Understanding of actions with an inferable functional outcome level in young typically developing children: an eyetracking study

Lise
Van Schuerbeeck
  • Goele
    Kuipers

Door de ogen van een kind…

De omgang met anderen is voor de meeste mensen eenvoudig. Zonder veel nadenken reageer je op wat iemand anders doet. Wanneer je bijvoorbeeld jouw vriend zijn jas ziet aandoen, veronderstel je dat hij weg gaat. Je voorspelt dat hij zal verdwijnen en daardoor kan je op tijd ‘dag’ zeggen.

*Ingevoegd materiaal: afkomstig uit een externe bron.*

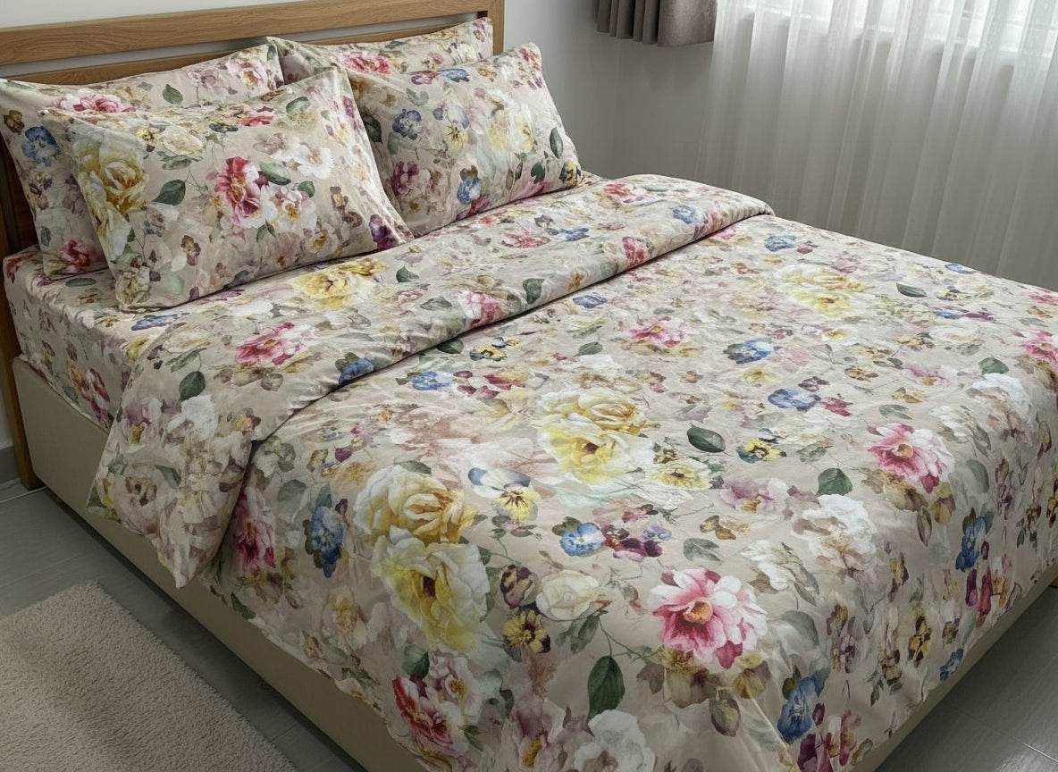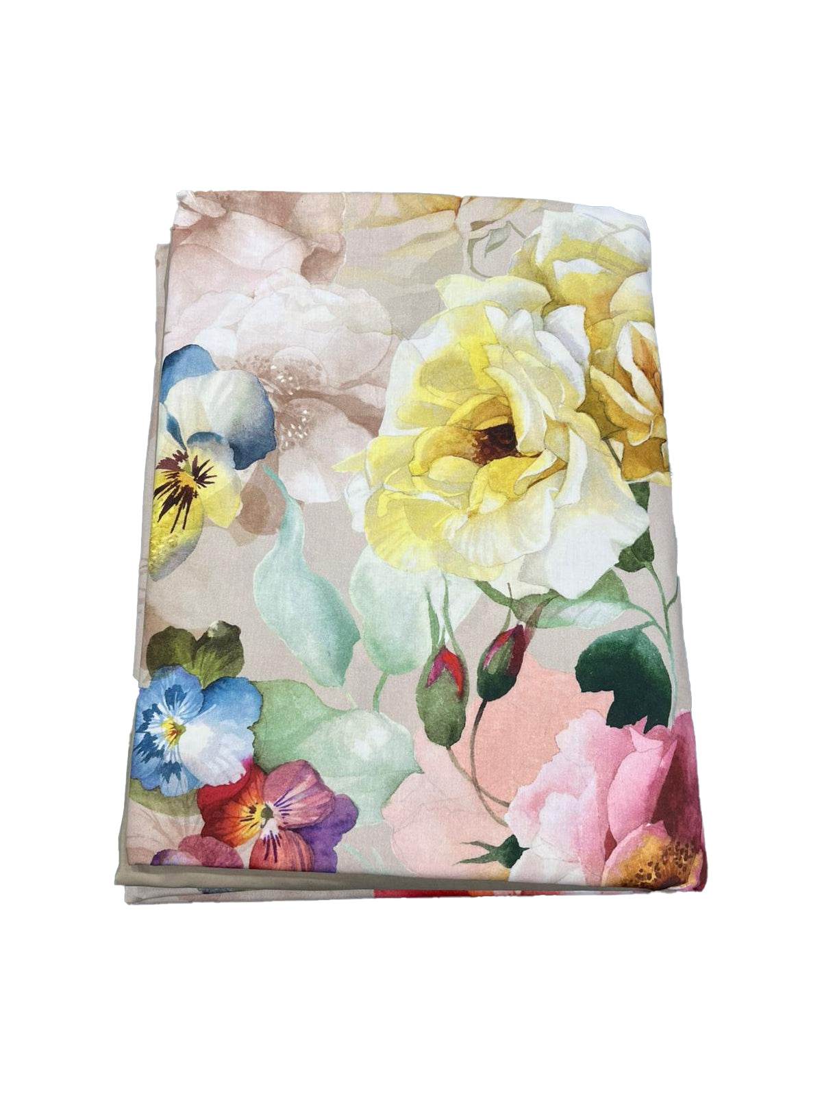 Realizzato in morbido e pregiato percalle di cotone, questo set offre una piacevole sensazione di leggerezza e freschezza al tatto, garantendo un riposo confortevole in ogni stagione. La fantasia floreale delicata e romantica si adagia su un fondo bianco o beige, esaltando la luminosità e l’armonia dei colori.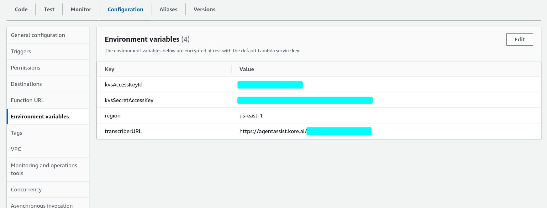 This function retrieves call stream metadata and AWS credentials from the environment, generates a credential set (SessionToken, AccessKeyId, SecretAccessKey) for KVS access, and triggers the Transcriber to send transcripts to the Kore AI Agent with the current Conversation ID.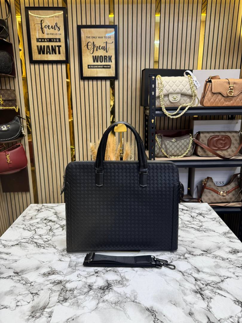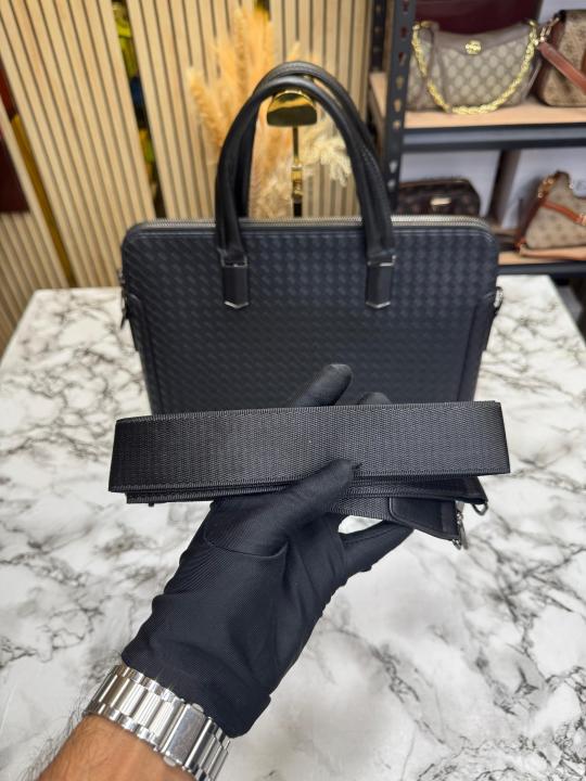 • Bottega Veneta Woven Leather Laptop Bag with Shoulder Strap (Black)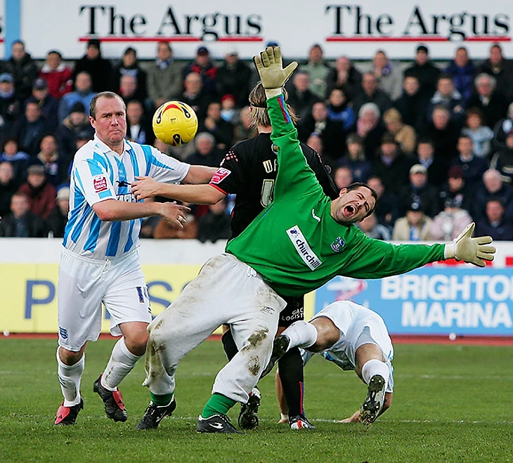 За 6 лет (и 5 клубов: «Кристал Пэлас», «Вест Хэм», «Астон Вилла», «Бернли» и «Фулхэм») Англия лишь два раза видела Кирая в шортах. Городская легенда гласила, будто вообще один, но это неправда. В сентябре 2004-го в дебютном матче в АПЛ венгр пропустил вот такой мяч от Ли Хендри. Посмотрите, во что одет Габор. Но это важно лишь для истории, там бы не помогли ни одни штаны в мире.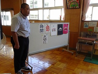 広島・長崎に原爆が投下された8月上旬の登校日に、平和についての集会を行う学校が多いのですが、刈安小学校は、その日は笠野小学校との2校交流、寺尾夏祭りに向けた「刈安ソーラン」の練習と日程が立て込んでいます。そのため、終業式の中で、校長先生が平和について話をしました。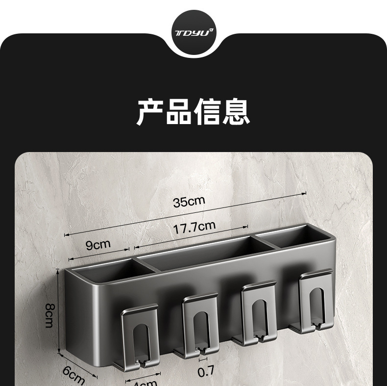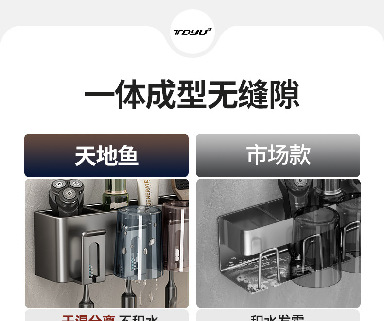 《욕실 건 그레이 칫솔 수납 선반, 펀치 없는 구강청결제 컵, 양치 컵, 전동 칫솔 선반, 수납 벽걸이스토어 가기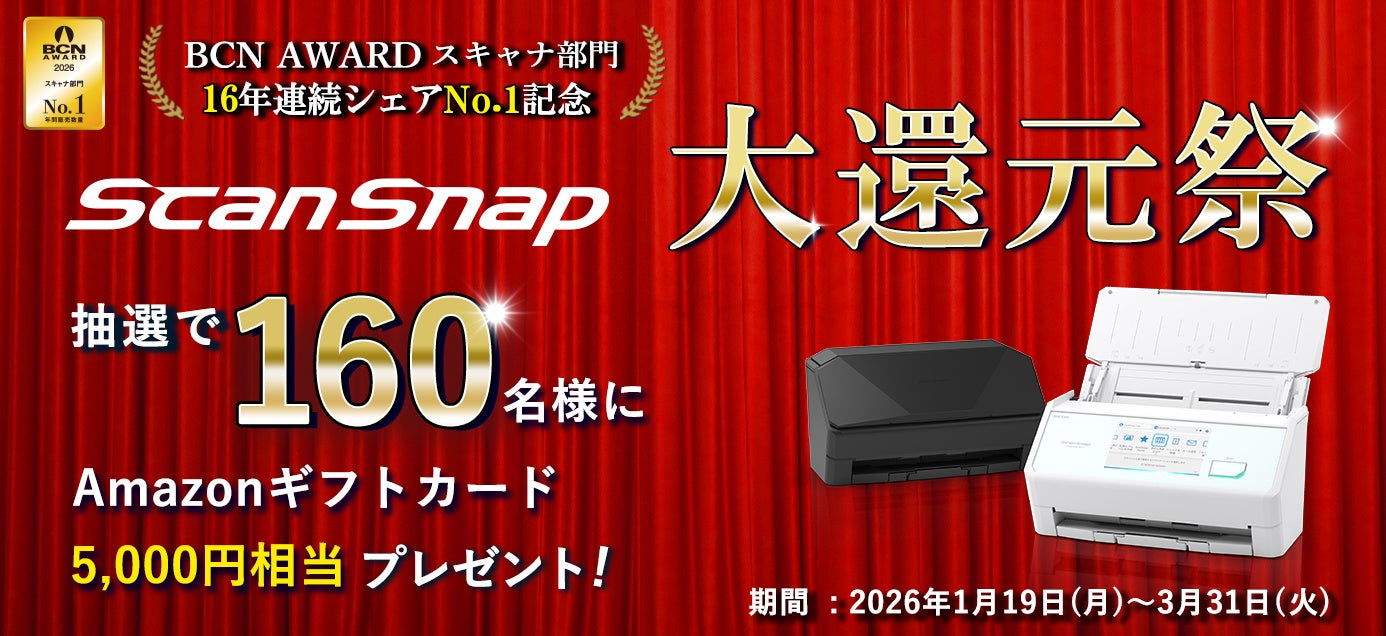製品ご愛顧の感謝として、「BCN AWARD 16年連続シェアNo.1記念 ScanSnap 大還元祭」を、2026年1月19日より開催します。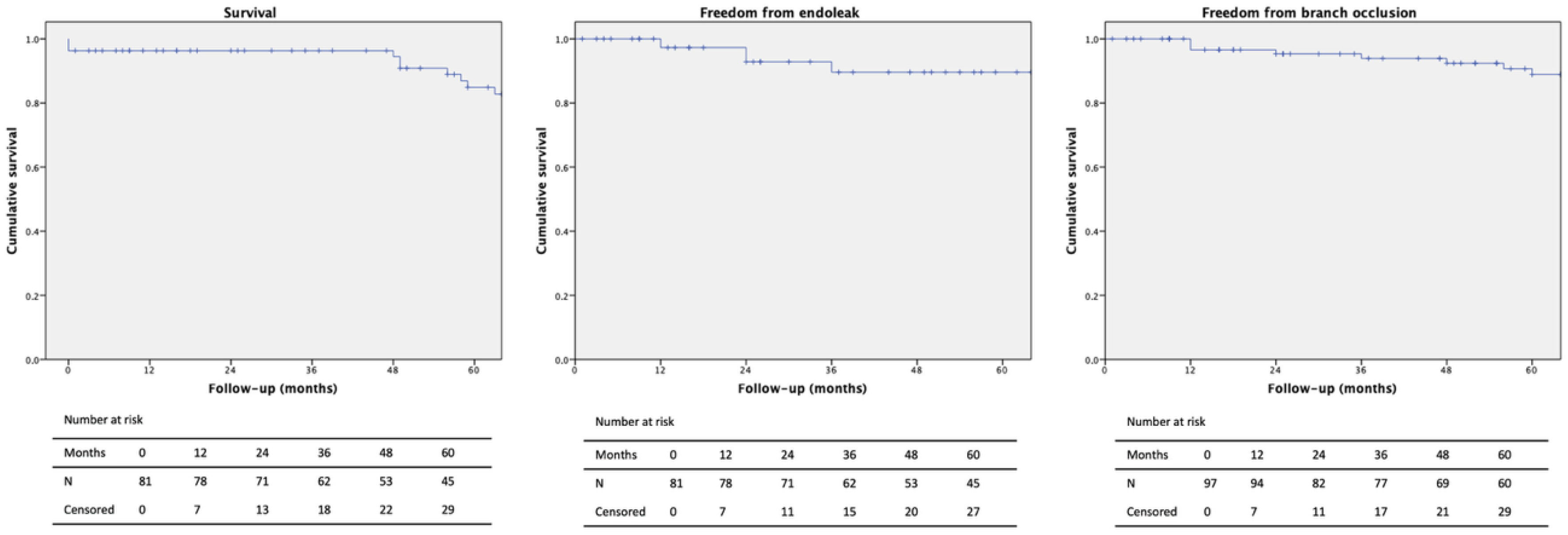 The median patient follow-up time was 64.7 months (range 1–120 months). Conversion to open surgery was not necessary. During follow-up, 15 additional patients died, resulting in an overall mortality of 22.2% with no aneurysm-related deaths (Figure 2). The estimated survival at 1, 3, and 5 years was 96.3%, 88.9%, and 71.2%, respectively (Table 5). Eleven cases (13.6%) of myocardial infarction and one stroke (1.2%) occurred during follow-up. Buttock claudication was observed in five (6.2%) patients and nerve ischemia in one (1.2%). The patency of the iliac branch and bridging stent was 90.1%. One type I endoleak (1.2%) occurred after endovascular treatment of an isolated common iliac artery aneurysm, and three type II endoleaks (3.7%) were observed; however, none were associated with aneurysm sac enlargement during the radiological surveillance. Three type III endoleaks (3.7%) occurred due to disconnection of the iliac branch from the concomitant EVAR extension. Four reinterventions (4.9%) were performed during follow-up.
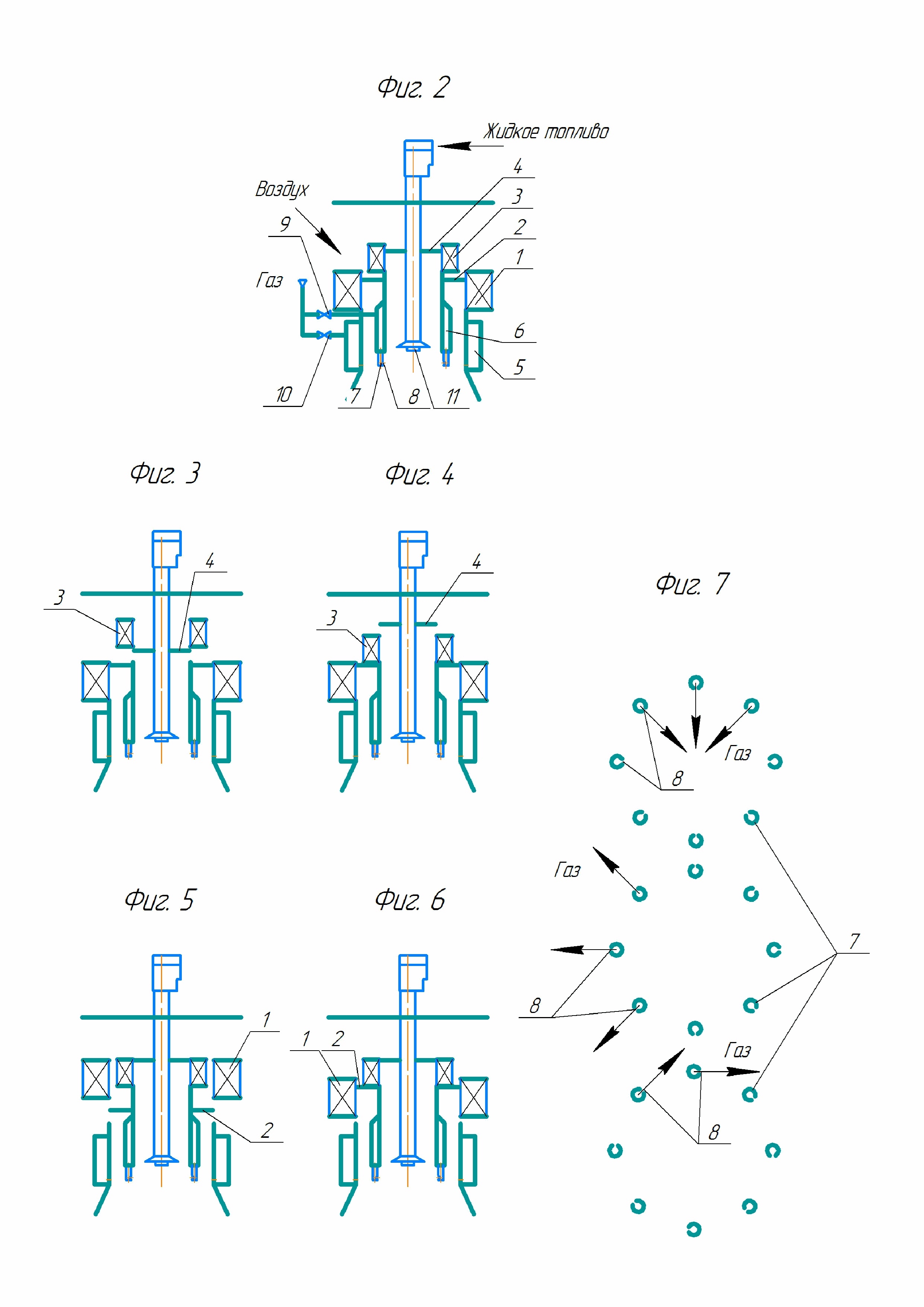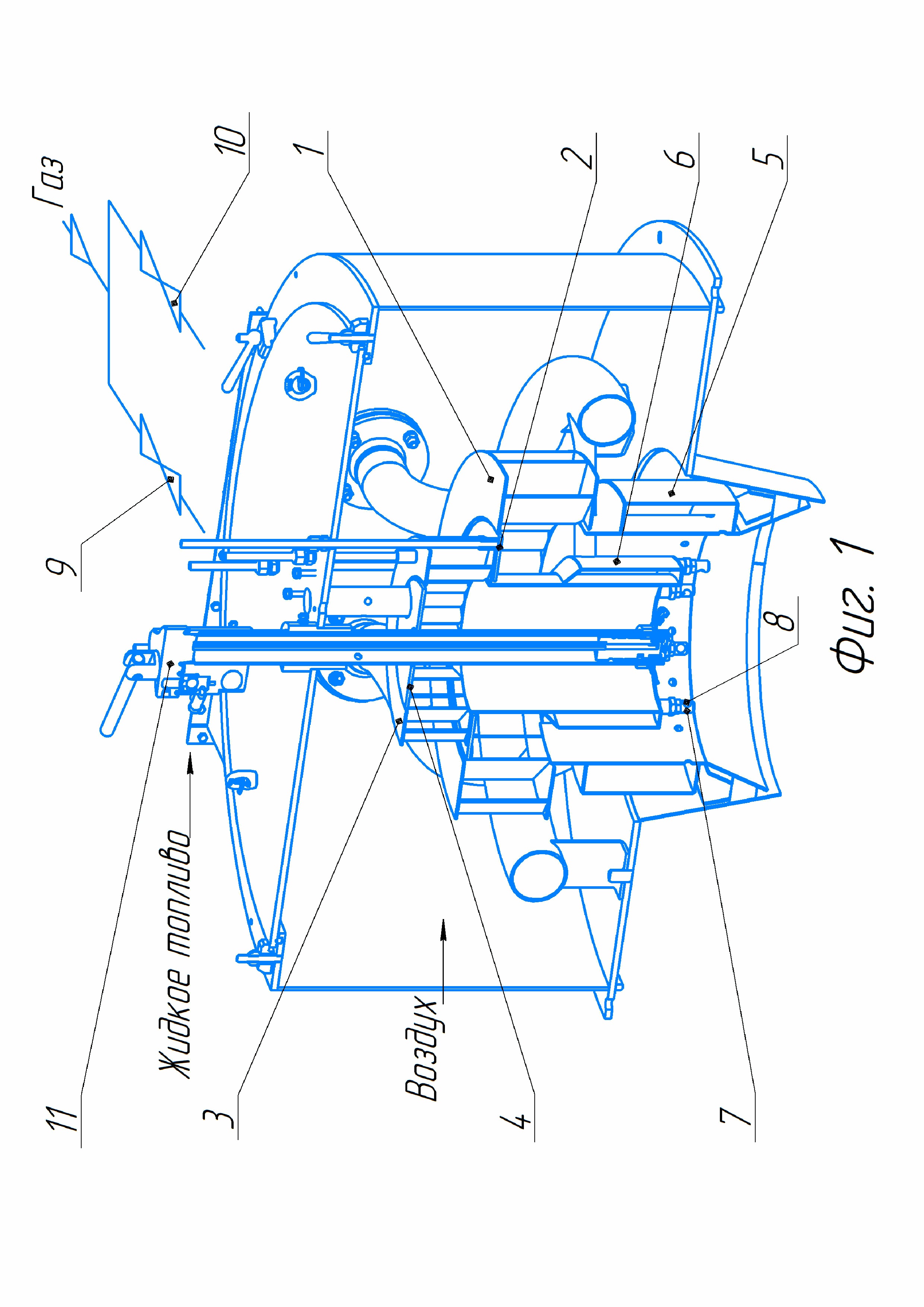 9 и 10 – клапана распределения расхода газа между периферийным и центральным газовыми коллекторами, 11 – паромеханическая форсунка для жидкого топлива.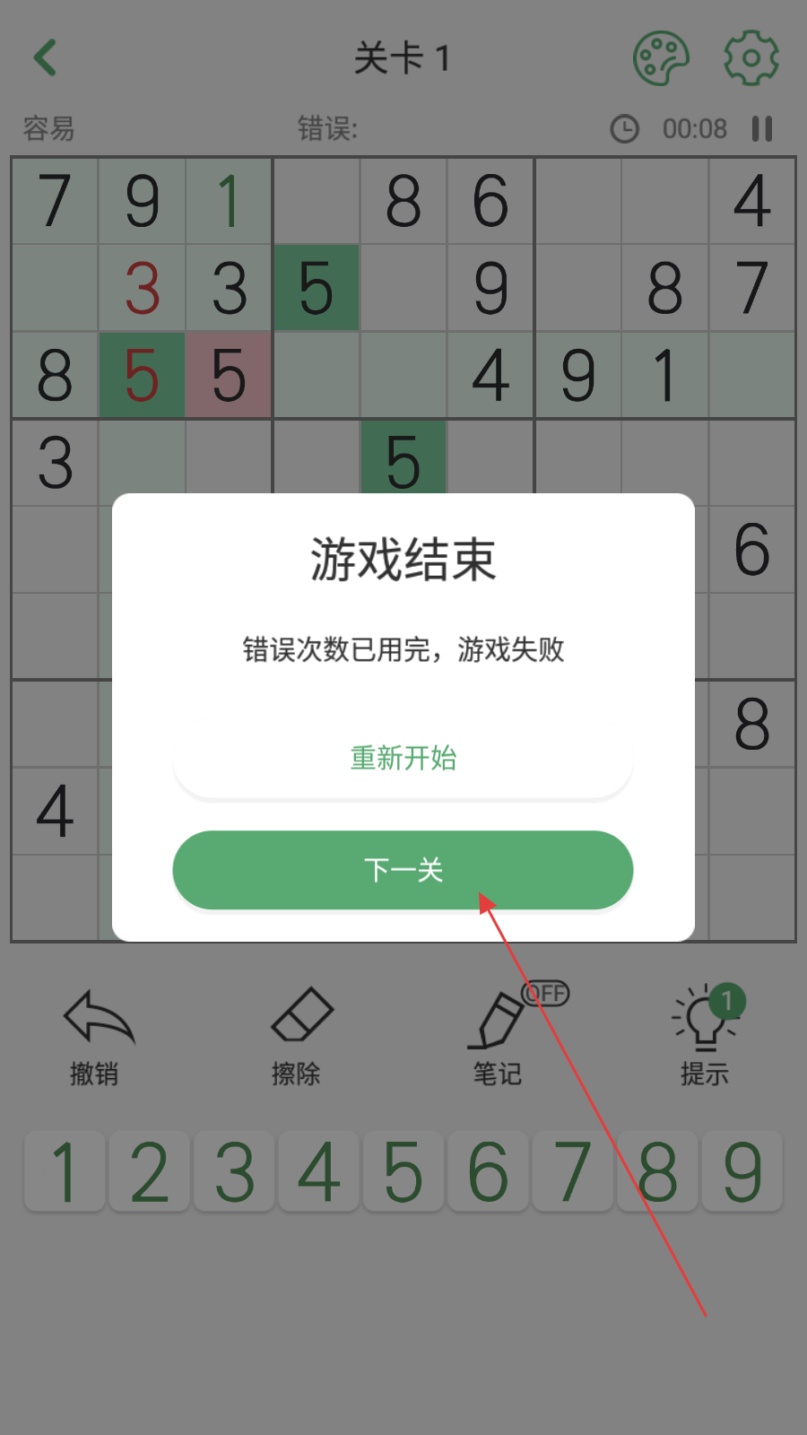 3、若錯誤次數用完,游戲會顯示【游戲結束】,此時可選擇【重新開始】重新挑戰當前關卡或下一關。

Kortom, doordat je de handelingen van anderen herkent en begrijpt ben je in staat je te gedragen als een sociaal wezen. Volwassenen begrijpen en voorspellen wat anderen doen doordat ze putten uit hun eigen rijke ervaring. Het is nog onduidelijk hoe kinderen het gedrag van anderen leren te begrijpen en te voorspellen. Zij kunnen immers niet putten uit deze ervaring.

In je hersenen zijn er neuronen die een soort van spiegelbeeld creëren. Ze zijn zowel actief bij het observeren als bij het uitvoeren van een handeling. Daarom worden deze neuronen spiegelneuronen genoemd. Wetenschappers vermoeden dat spiegelneuronen een centrale rol spelen in het begrijpen en voorspellen van gedrag van anderen, maar ze weten nog niet hoe deze neuronen bij kinderen ontwikkelen.

Jouw ogen sturen jouw handen. Wanneer je bijvoorbeeld naar een flesje cola grijpt, bereikt je blik het flesje vroeger dan je handen. Je oogbeweging gaat dus je handeling vooraf en wordt daarom proactief genoemd. Bijzonder is dat je ogen even snel zijn wanneer je ziet dat je vriend naar het flesje grijpt. Jouw proactieve oogbewegingen voorspellen dus het gedrag van je vriend alsof je zelf de handeling uitvoert. Verondersteld wordt dat proactieve oogbewegingen een uiting zijn van de werking van spiegelneuronen. We zijn in staat de oogbewegingen van volwassenen en kinderen te registeren door middel van speciale camera’s. Deze techniek wordt eye-tracking genoemd (Figuur 1).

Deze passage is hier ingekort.